[Stored data — start]
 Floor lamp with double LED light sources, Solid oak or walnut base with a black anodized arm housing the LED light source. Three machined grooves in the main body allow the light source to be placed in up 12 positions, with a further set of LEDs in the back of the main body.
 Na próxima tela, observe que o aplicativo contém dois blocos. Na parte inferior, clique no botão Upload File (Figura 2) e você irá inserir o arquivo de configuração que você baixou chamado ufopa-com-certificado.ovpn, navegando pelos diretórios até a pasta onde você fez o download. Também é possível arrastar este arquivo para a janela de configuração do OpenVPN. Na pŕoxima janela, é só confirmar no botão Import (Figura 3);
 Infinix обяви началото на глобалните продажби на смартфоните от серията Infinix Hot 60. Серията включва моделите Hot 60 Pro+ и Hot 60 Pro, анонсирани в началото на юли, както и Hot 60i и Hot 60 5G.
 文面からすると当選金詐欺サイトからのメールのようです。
[Stored data — finish]
[Stored data — start]
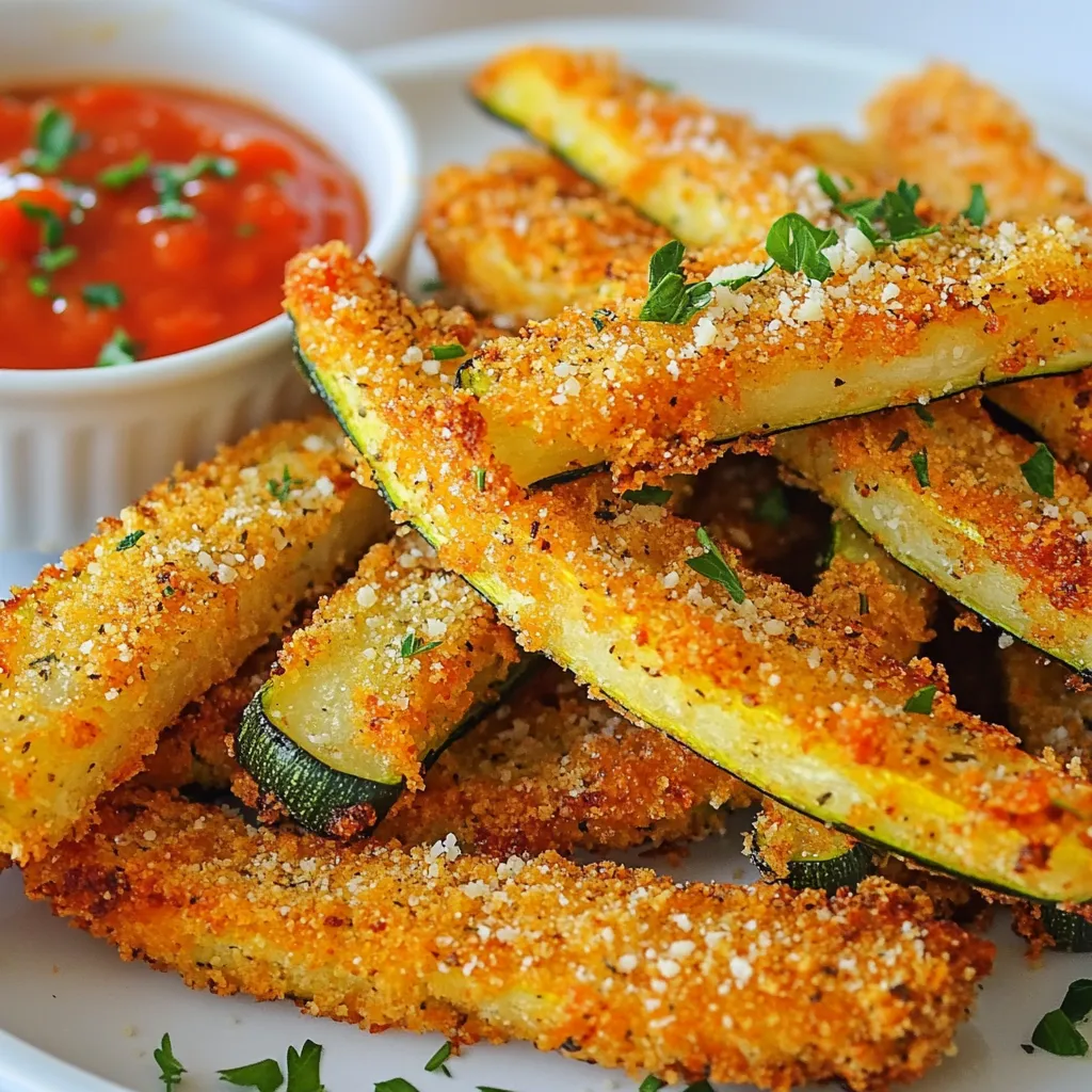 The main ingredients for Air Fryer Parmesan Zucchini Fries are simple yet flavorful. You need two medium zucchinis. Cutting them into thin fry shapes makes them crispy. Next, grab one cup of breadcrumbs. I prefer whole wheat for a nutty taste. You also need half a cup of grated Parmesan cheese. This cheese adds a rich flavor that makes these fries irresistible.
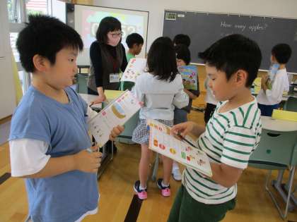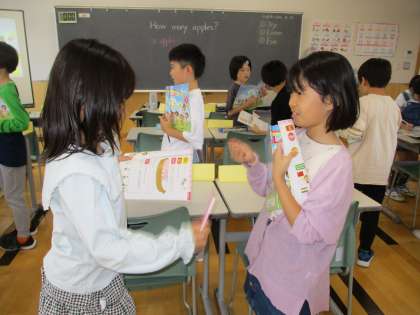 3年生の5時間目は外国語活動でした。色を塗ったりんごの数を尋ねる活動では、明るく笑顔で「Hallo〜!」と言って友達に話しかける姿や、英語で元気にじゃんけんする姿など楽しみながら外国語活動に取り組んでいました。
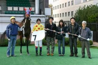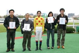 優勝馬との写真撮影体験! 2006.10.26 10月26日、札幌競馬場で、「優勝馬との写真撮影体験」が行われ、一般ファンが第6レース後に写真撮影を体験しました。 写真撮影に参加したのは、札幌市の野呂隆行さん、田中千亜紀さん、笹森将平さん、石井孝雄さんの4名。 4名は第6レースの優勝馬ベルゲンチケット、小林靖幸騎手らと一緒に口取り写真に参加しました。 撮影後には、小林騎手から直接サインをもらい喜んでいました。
[Stored data — finish]
[Stored data — start]
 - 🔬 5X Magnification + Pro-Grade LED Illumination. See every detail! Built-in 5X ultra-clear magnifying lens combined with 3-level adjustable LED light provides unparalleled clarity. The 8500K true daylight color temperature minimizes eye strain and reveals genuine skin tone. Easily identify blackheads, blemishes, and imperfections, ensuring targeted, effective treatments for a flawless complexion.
[Stored data — finish]
▸ Exercise brief
Using the data above, reproduce exactly the lines from the line that contains "Floor lamp with" through the line that contains "文面からすると当選金詐欺サイトからのメールのようです。", including both.

▸ Answer area
 Floor lamp with double LED light sources, Solid oak or walnut base with a black anodized arm housing the LED light source. Three machined grooves in the main body allow the light source to be placed in up 12 positions, with a further set of LEDs in the back of the main body.
 Na próxima tela, observe que o aplicativo contém dois blocos. Na parte inferior, clique no botão Upload File (Figura 2) e você irá inserir o arquivo de configuração que você baixou chamado ufopa-com-certificado.ovpn, navegando pelos diretórios até a pasta onde você fez o download. Também é possível arrastar este arquivo para a janela de configuração do OpenVPN. Na pŕoxima janela, é só confirmar no botão Import (Figura 3);
 Infinix обяви началото на глобалните продажби на смартфоните от серията Infinix Hot 60. Серията включва моделите Hot 60 Pro+ и Hot 60 Pro, анонсирани в началото на юли, както и Hot 60i и Hot 60 5G.
 文面からすると当選金詐欺サイトからのメールのようです。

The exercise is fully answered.